MONTAGNA
Valanga a Madesimo: milanese disperso. In azione anche la Volpe di Venegono
Travolta una comitiva di quattro persone in motoslitta: l’allarme ieri pomeriggio. Courmayeur: morto il freeride francese investito da una valanga
Ancora una valanga sulle montagne della Valchiavenna. Si cerca un escursionista residente a Rozzano, nel Milanese. L’allarme è scattato ieri pomeriggio, domenica 15 febbraio, poco prima delle 17.30, in territorio comunale di Madesimo (Sondrio), nella zona impervia del Lago Nero, dove si è verificato un distacco di neve che ha coinvolto quattro persone, due coppie di amici in motoslitta. La comitiva era composta da escursionisti in motoslitta, tutti residenti a Milano e provincia. Tre sono stati estratti vivi, in tempi rapidi, dai soccorritori, mentre un quarto è ancora attivamente ricercato da decine di persone, anche alla luce delle fotoelettriche dopo il sopraggiungere del buio. La valanga si è staccata in zona Lago Nero, e l’incidente è avvenuto in un’area dove oggi era particolarmente elevato il rischio di slavine.
L’area dell’incidente si trova in quota, in un contesto alpino particolarmente esposto nelle ultime settimane a condizioni nivologiche instabili, particolarmente a rischio, insomma. Le operazioni di ricerca proseguono anche con il supporto delle tecnologie di localizzazione e con l’impiego delle unità specializzate nel soccorso in valanga.
SOCCORRITORI MOBILITATI
Dal pomeriggio di ieri i vigili del fuoco sono impegnati nelle operazioni di soccorso, avviate immediatamente dopo l’allarme e sospese nella serata di ieri a causa dell’oscurità e dell’elevato rischio di ulteriori distacchi nevosi. Le attività sono riprese alle prime luci dell’alba di oggi. Sul posto stanno operando i militari della Guardia di Finanza, con l’elicottero “Volpe” di stanza alla base di Venegono Superiore, le squadre dei Vigili del Fuoco con personale SAF specializzato nel modulo “neve”, gli specialisti della Direzione Regionale dotati di sistemi IMSI catcher per la ricerca e localizzazione di dispositivi mobili, nonché il nucleo SAPR con droni equipaggiati per il supporto alle operazioni di perlustrazione aerea. Le operazioni si svolgono in sinergia con il Soccorso Alpino della Guardia di Finanza (SAGF) e il Corpo Nazionale Soccorso Alpino e Speleologico (CNSAS), con un dispositivo congiunto finalizzato alla rapida individuazione del disperso, in un contesto ambientale complesso e caratterizzato da condizioni nivometeorologiche critiche nonché da una nevicata che sta interessando la zona.

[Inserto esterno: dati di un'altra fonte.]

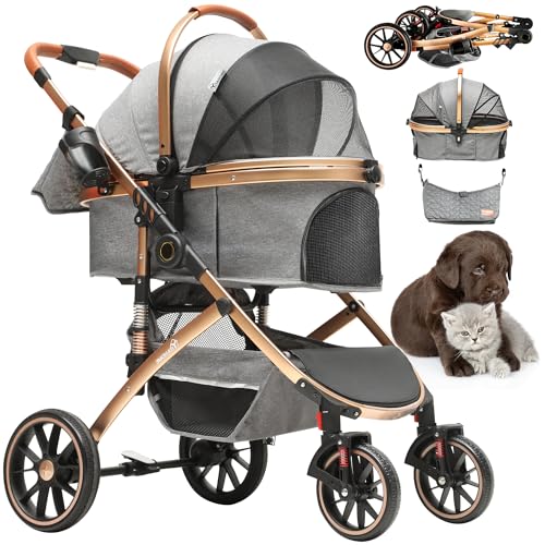 YITAHOME 3-i-1 hundvagn med dragkedja, lös uppgradering aluminium hundvagn för med universella stötdämpande framhjul, vikbar kattvagn med mugghållare och broms (grå)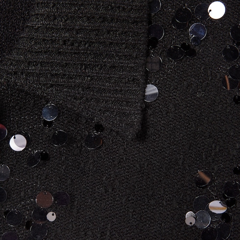 Introducing new knitwear styles, sophisticated yarn provides volume, and is further elevated through artisanal details which highlight rich textures. With a new focus on yarns, these knits can be worn alone as a standout piece, or layered to complement the Pre-Fall 2025 wardrobe. This viscose blend polo cardigan features an allover sequin embroidery.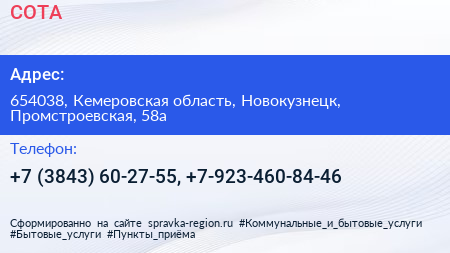 СОТА по адресу 654038, Кемеровская область, Новокузнецк, Промстроевская, 58а в дальнейшем Организация, размещена в следующих категориях: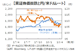 ■日本株式市場は、2月に米国金利の上昇、3月に米中貿易摩擦に対する懸念などを背景とした、米国株式市場の調整と米ドル安・円高の進行等から調整を余儀なくされました。4月に入ってからは、一進一退の展開ながら、下値を固める値動きとなっています。
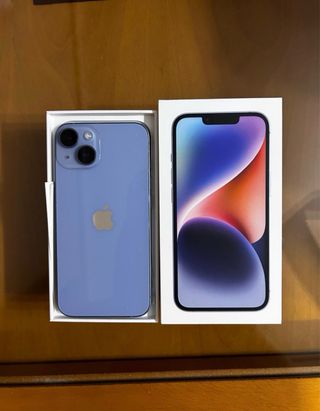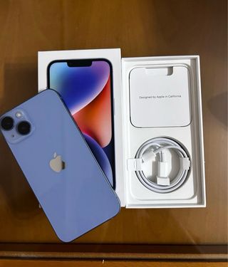 Teléfono móvil iPhone 14 con acabado en color azul. - Capacidad de almacenamiento de 128GB. Se entrega con caja, cable y 3 fundas, cristal templado colocado y en perfecto estado, factura y garantía hasta 23/12/2025 No interesan cambios y no se hacen envíos.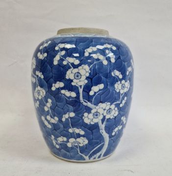 Chinese prunus blossom decorated jar with six-character Kangxi mark to baseCondition ReportLight surface marks, accretions. Discolouration to rim. Small indent to the base which is smooth so probably from the manufacturing process.  General wear and tear.  See photos.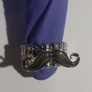 Elegant Silver tone Mustache Design Stretch Ring - Women's Fashion Jewelry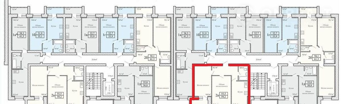 Общая площадь 55.5 м2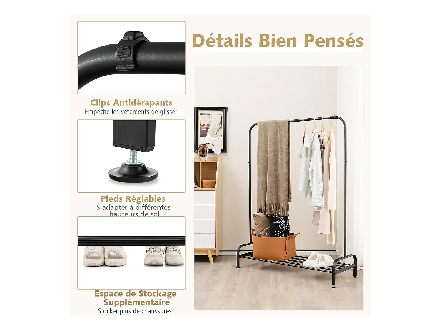 Porte-manteau sur roulettes,porte-manteau avec tringle,étagère à chaussures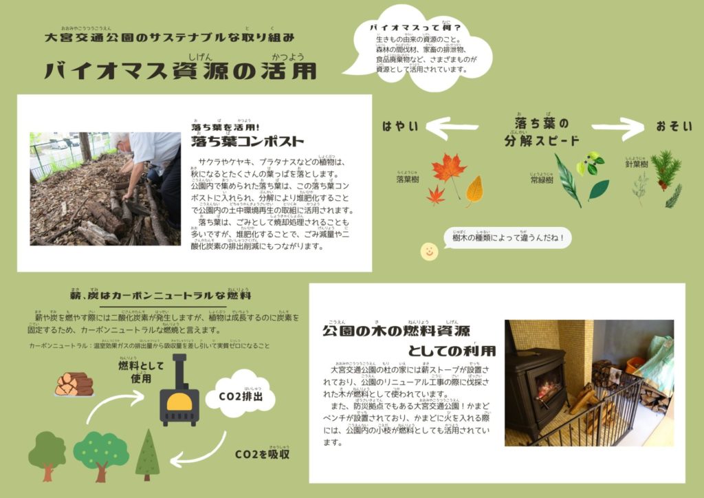 大宮交通公園を中心に、身近な自然環境の保全や木質バイオマス利用者の取組を広げる等、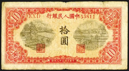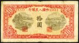 Peoples Bank of China, 1949 Issue Banknote. China, 1949, 10 Yuan, P-815 (S/M#C282-25), Block 9 10 1 (IX X I), S/N 55811, Issued banknote, red and black, Fine.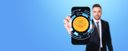 Businessman showing smartphone screen with CBDC coin, empty copy space blue background. Concept of blockchain, digital payments and central bank digital currency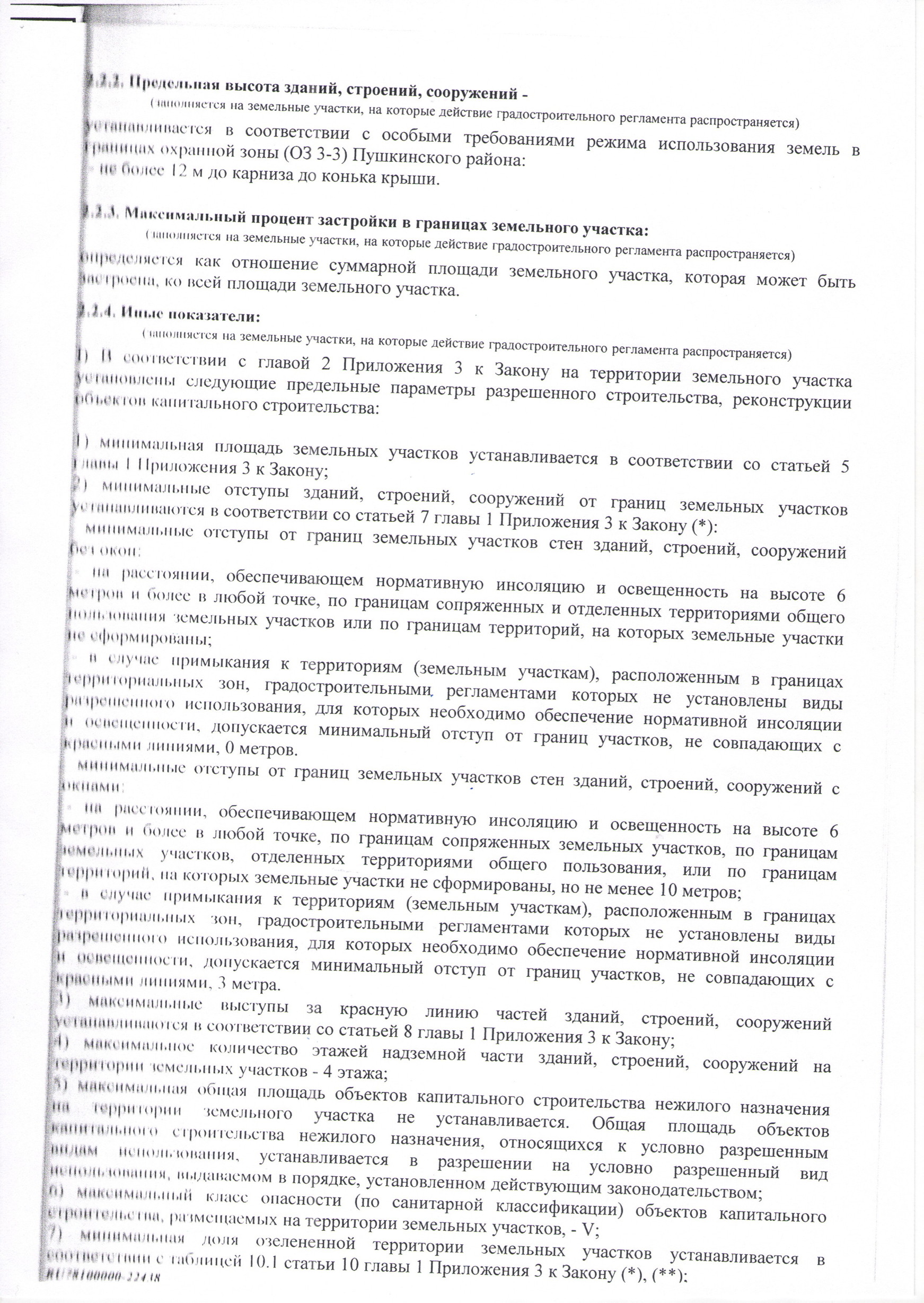 Предельные параметры земельных участков и объектов капитального строительства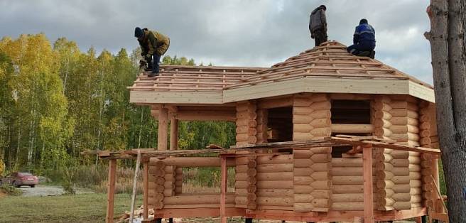 Нами была построена чудесная беседка из оцилиндрованного бревна! Ведь никакой материал не сравнится по красоте и экологичности с настоящим деревом! Приятное время препровождение нашим заказчикам обеспечено! А впереди еще баня и дом!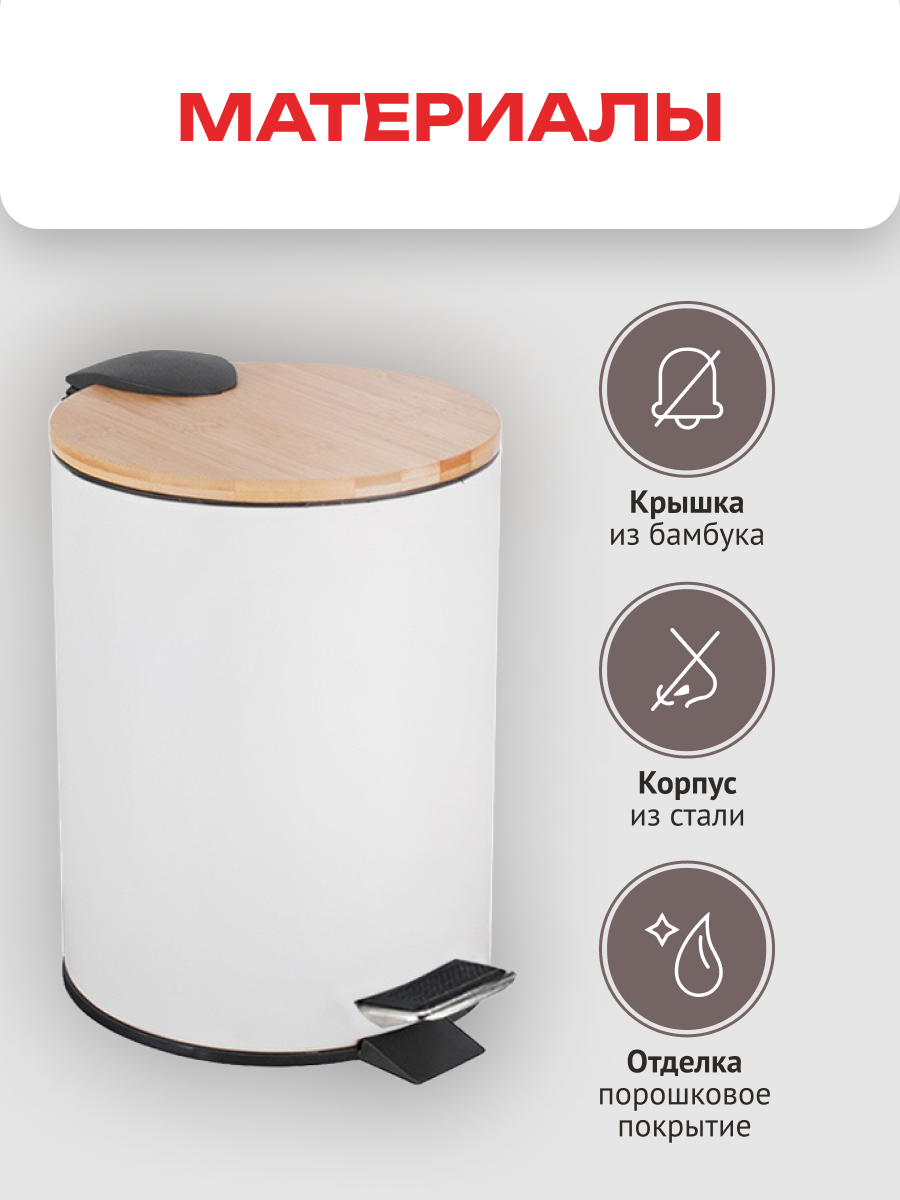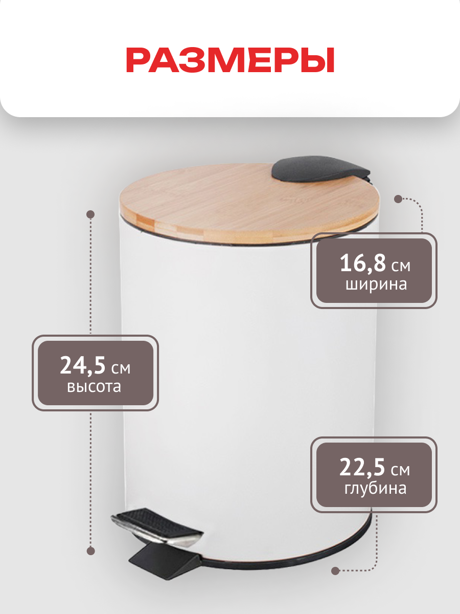 Мусорный контейнер Bambo с педальным механизмом и внутренним пластиковым ведром - отличный вариант для поддержания чистоты и гигиены на кухне или в ванной комнате. Плотное прилегание крышки предотвращает распространение запахов. Корпус мусорного ведра изготовлен из стали толщиной 0,26 мм. Отделка корпуса: матово-белое порошковое покрытие. Крышка изготовлена из бамбука, без функции мягкого закрывания. Внутреннее съемное ведро изготовлено из полипропилена. Внутренне ведро черное с металлической ручкой. Высота контейнера с поднятой крышкой 41,5см. Размер контейнера Ø16,8х23,5 см. Габаритные размеры: высота 24,5, ширина 16,8см, глубина 22,5см. Объем- 3 л.

Tragedia a Courmayeur: morto 35enne francese
Nonostante i tentativi dei medici, è morto questa mattina, lunedfì 16 febbraio, all’ospedale torinese delle Molinette, Giovanni Bosco, il freeride francese di 35 anni, di Chamonix, travolto ieri mattina da una valanga a Courmayeur, nel Canale dei Vesses. L’uomo era assieme ad altri due amici, anche loro di Chamonix, di 29 e 31 anni, uno deceduto poco dopo essere stato estratto dalla neve e l’altro dopo arrivo al pronto soccorso di Aosta. A dare l’allarme erano stati altri freerider che hanno sentito il soffio della valanga e poco prima avevano visto il gruppo di sciatori francesi scendere nel canalone, molto frequentato dagli amanti del fuoripista. Sul posto sono intervenute le guide del soccorso alpino valdostano e i militari della guardia di finanza di Entreves. I tre freerider, tutti provvisti di Artva (apparecchio per la ricerca in valanga), sono stati sepolti sotto oltre un metro e mezzo di neve.